Optimize Mainframe Virtualization
Tips to overcome 4 key performance-management challenges
Performance management in a mainframe environment is an important part of the IT department. The requirements for mainframe performance management and distributed performance management differ in many ways that may not be intuitive for installations new to mainframe, or of the requirements when adding Linux*.
Unlike distributed platforms—where specific applications, for the most part, don’t impact other applications—every application has the potential for impacting others in a shared-resource, fully virtualized environment where all resources, including processors and real memory, are shared. The concept of shared resources is very different in a z/VM* environment than in other virtualization options. With a history of almost 40 years, z/VM has been designed to over commit resources often with 30 or more Linux servers sharing one IFL, with a real storage overcommitment of three-to-one or more. Managing this overcommitment is a challenge that doesn’t exist in nonvirtualized, nonshared environments.
Four areas of performance management should be addressed to optimize mainframe virtualization capabilities. Addressing these challenges ensures target service levels are met and helps manage hardware costs. In distributed environments, adding hardware is often less expensive than the cost of analysis, which leads to server sprawl with server resource utilization at less than 10 percent. Increasing server utilization requires management and, with z/VM, many systems today boast utilizations of more than 90 percent while still meeting the required service levels. To do this, management in these forms is required:
»Performance analysis and tuning: to solve current performance issues
»Capacity planning: to understand growth and plan for capital expenditures and avoid future performance issues
»Chargeback and accounting: to ensure costs are understood and managed
»Operational alerts: to detect performance issues early and allow for corrective action
Many challenges to functional performance management aren’t intuitive to companies that haven’t yet faced the issues. Assumptions may be made that —business as usual” may be maintained, either from a distributed perspective or a z/OS* perspective. However, the technology to provide performance management for an environment of Linux servers operating under z/VM has requirements and needs planning and validation. For example, installations often have specific agents to detect operational problems. In a distributed environment where resource utilization may be 10 percent, an agent that uses an additional 5 percent isn’t an issue. However, put 20 servers on one IFL and that single agent has now consumed the IFL.

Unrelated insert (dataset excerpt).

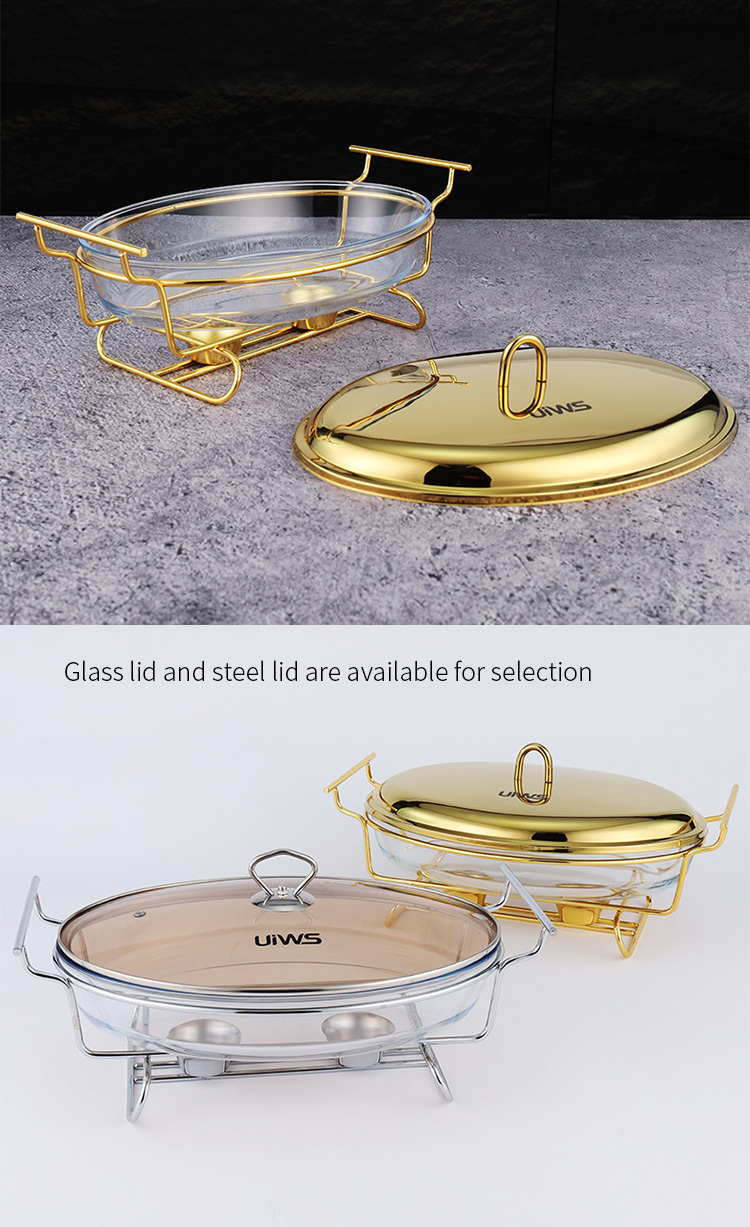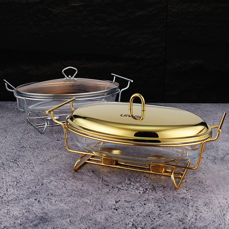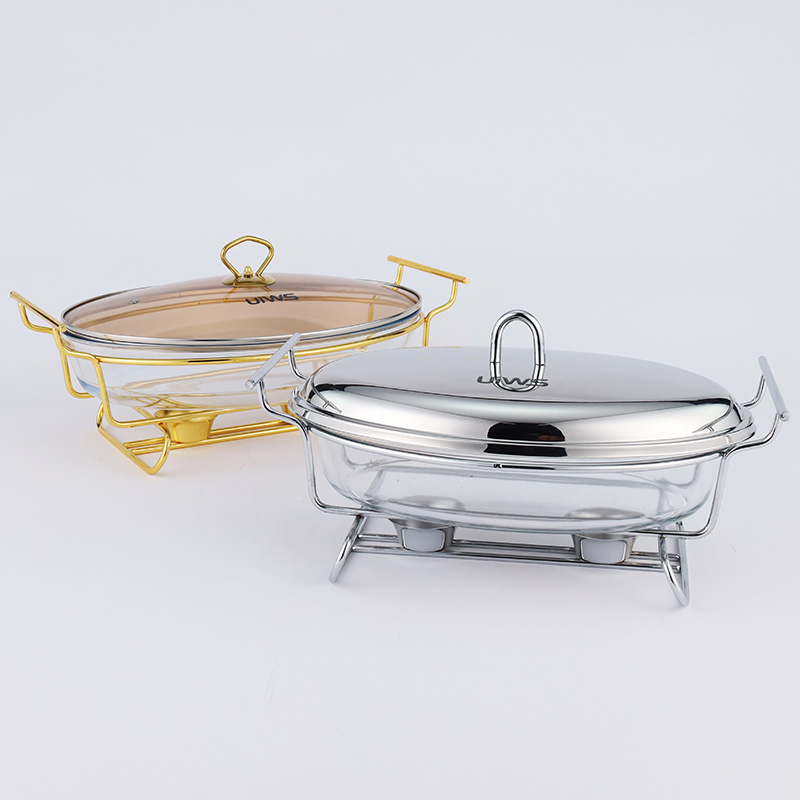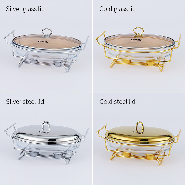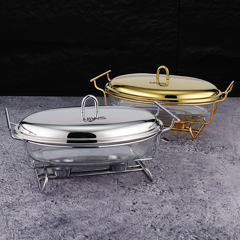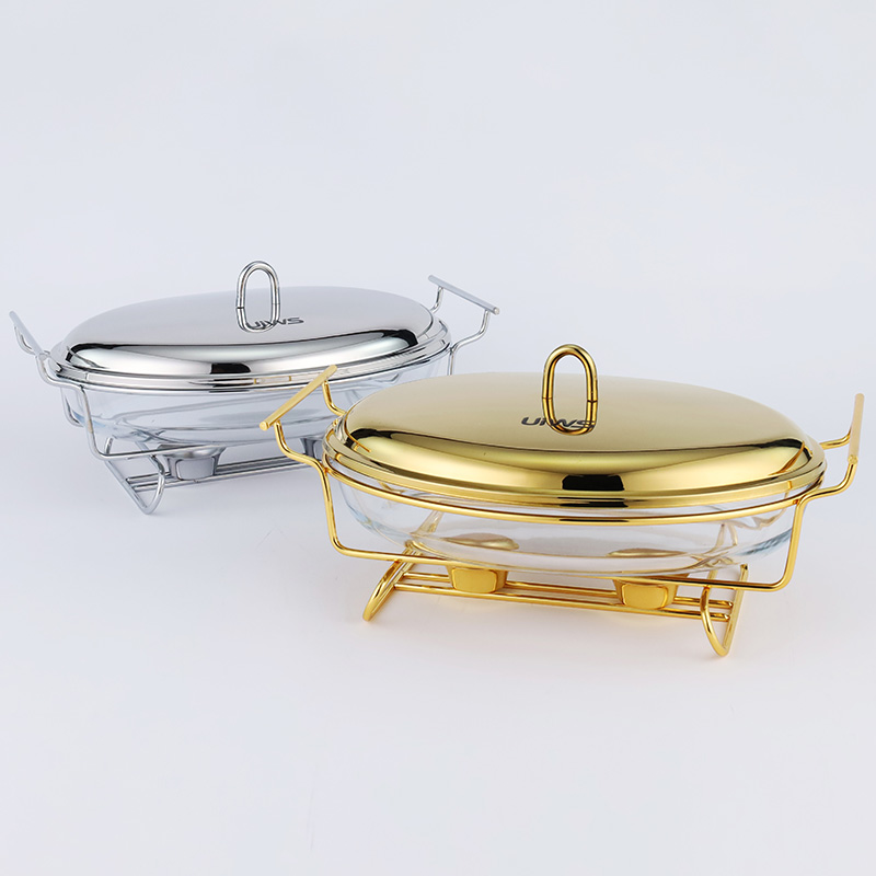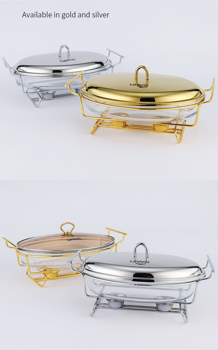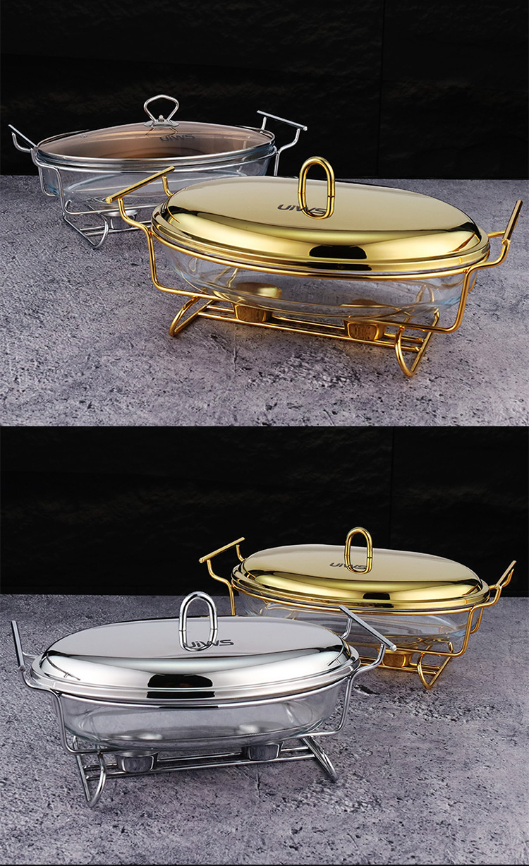 Elliptical glass chafing dish available in 2L and 3L capacities, with golden and silver color options. Lids are available in glass or steel. The oval glass pot is easy to clean, simple to assemble, and comes with a stand featuring an alcohol cup and a stable base.

Performance management is more critical in a shared-resource environment running many servers and applications than in a nonshared dedicated-server environment where the only application being impacted is the one on the server. Linux on System z* installations must face the instrumentation and performance-management challenges of the virtualized environment to take full advantage of its power.
1. Performance Analysis and Tuning
The objective of performance analysis and tuning is to resolve performance problems when they occur. Performance analysis and tuning in the mainframe environment requires an understanding of shared resources, of many different subsystems and how to detect bottlenecks in complex environments. Problems may occur in many different areas, from the DASD system to storage, to the network itself. To assume problems won’t happen will follow Murphy’s law to the extreme: they’ll happen at the worst possible time.
It’s not just the z/VM system resources requiring performance analysis, but also inside Linux when processes are looping, when applications are consuming more-than-normal resources or when applications have storage cancers (i.e., they keep acquiring real storage but never release it). Swap-space activity and other file-system activity will need analysis as well, and all without using expensive agent technology that consumes additional resources.